--- Task ---
An exact retyping of all lines below is the answer; pictures do not belong in it.

--- Data excerpt ---
==*==
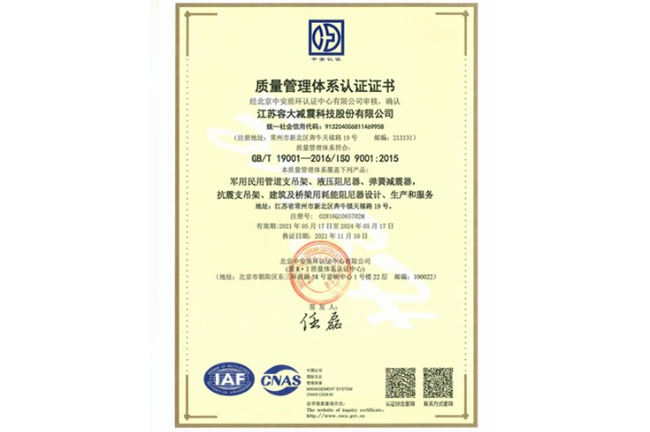 質(zhì)量管理體系證書
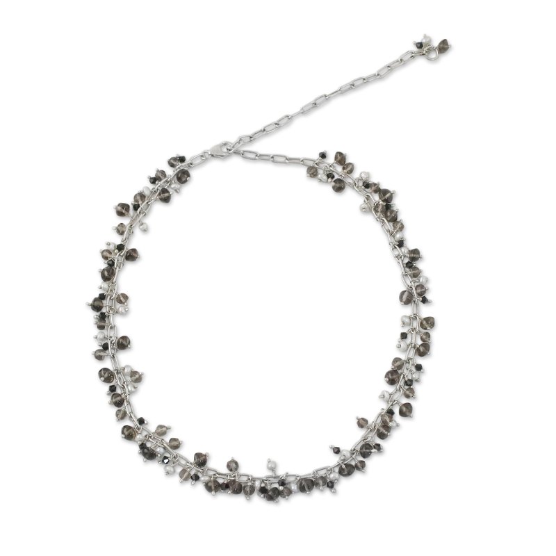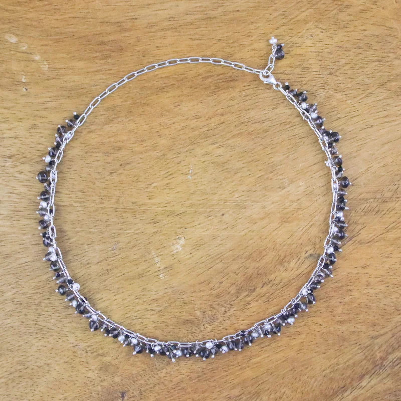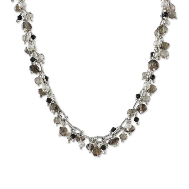 Combining the beauty of smoky quartz with glowing white cultured pearl and glass beads, this Thai necklace is presented by Withaya Cheunjit. It circles the neck with a gleaming length of sterling silver cable chain, completed with an extender chain.
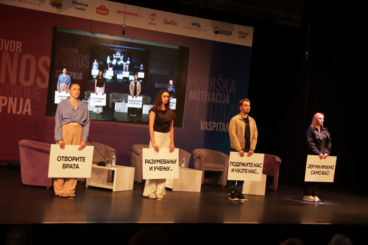 U razgovoru o tome koju ulogu ponaosob imaju otac i majka u vaspitanju deteta govorili su Darija Kisić, ministarka za brigu o porodici i demografiju, Jelena Stanivuković psiholog, kao i dvojica očeva – Marko Kešelj, državni sekretar u Ministarstvu sporta i Miloš Andrović biznismen.
==*==
--- Task response ---
 質(zhì)量管理體系證書
 Combining the beauty of smoky quartz with glowing white cultured pearl and glass beads, this Thai necklace is presented by Withaya Cheunjit. It circles the neck with a gleaming length of sterling silver cable chain, completed with an extender chain.
 U razgovoru o tome koju ulogu ponaosob imaju otac i majka u vaspitanju deteta govorili su Darija Kisić, ministarka za brigu o porodici i demografiju, Jelena Stanivuković psiholog, kao i dvojica očeva – Marko Kešelj, državni sekretar u Ministarstvu sporta i Miloš Andrović biznismen.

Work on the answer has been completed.